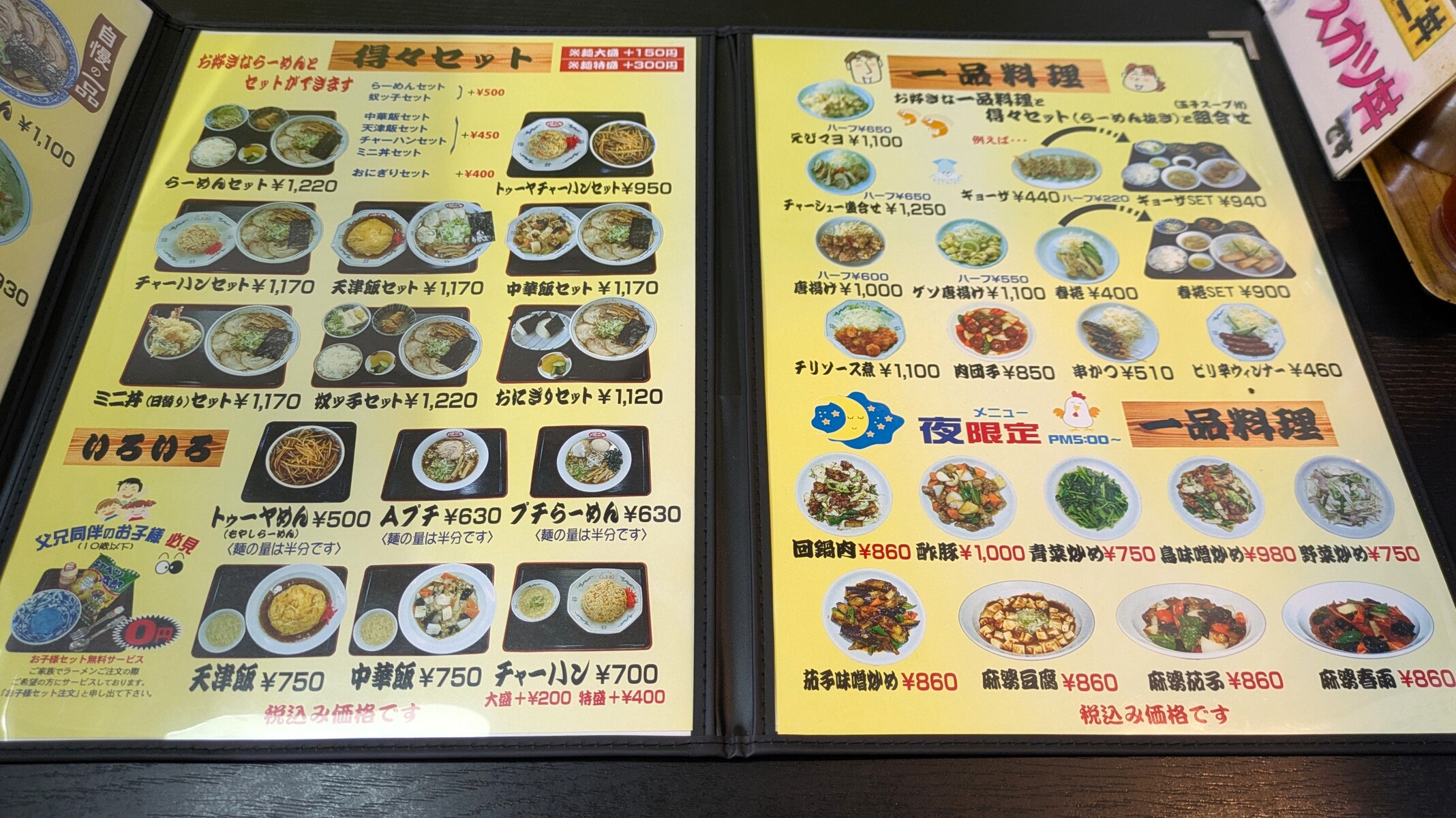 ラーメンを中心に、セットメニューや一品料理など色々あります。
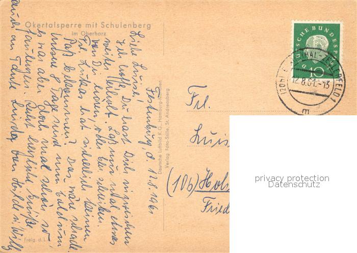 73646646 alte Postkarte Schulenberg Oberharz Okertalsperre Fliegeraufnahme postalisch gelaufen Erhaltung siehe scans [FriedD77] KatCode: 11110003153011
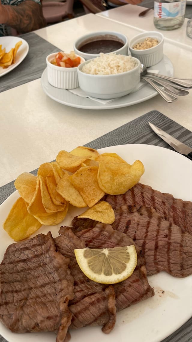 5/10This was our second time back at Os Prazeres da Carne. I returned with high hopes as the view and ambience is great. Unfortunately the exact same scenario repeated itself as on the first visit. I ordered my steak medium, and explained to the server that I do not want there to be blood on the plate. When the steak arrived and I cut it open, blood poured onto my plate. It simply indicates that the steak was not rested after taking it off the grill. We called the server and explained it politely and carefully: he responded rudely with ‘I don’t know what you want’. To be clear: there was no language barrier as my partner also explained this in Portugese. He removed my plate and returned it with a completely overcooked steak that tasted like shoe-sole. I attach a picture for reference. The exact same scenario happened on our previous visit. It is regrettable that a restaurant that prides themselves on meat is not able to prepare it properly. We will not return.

====

## Work order
Drop every picture from the data, then output all the rest exactly.

## Your response
 ラーメンを中心に、セットメニューや一品料理など色々あります。
 73646646 alte Postkarte Schulenberg Oberharz Okertalsperre Fliegeraufnahme postalisch gelaufen Erhaltung siehe scans [FriedD77] KatCode: 11110003153011
 5/10This was our second time back at Os Prazeres da Carne. I returned with high hopes as the view and ambience is great. Unfortunately the exact same scenario repeated itself as on the first visit. I ordered my steak medium, and explained to the server that I do not want there to be blood on the plate. When the steak arrived and I cut it open, blood poured onto my plate. It simply indicates that the steak was not rested after taking it off the grill. We called the server and explained it politely and carefully: he responded rudely with ‘I don’t know what you want’. To be clear: there was no language barrier as my partner also explained this in Portugese. He removed my plate and returned it with a completely overcooked steak that tasted like shoe-sole. I attach a picture for reference. The exact same scenario happened on our previous visit. It is regrettable that a restaurant that prides themselves on meat is not able to prepare it properly. We will not return.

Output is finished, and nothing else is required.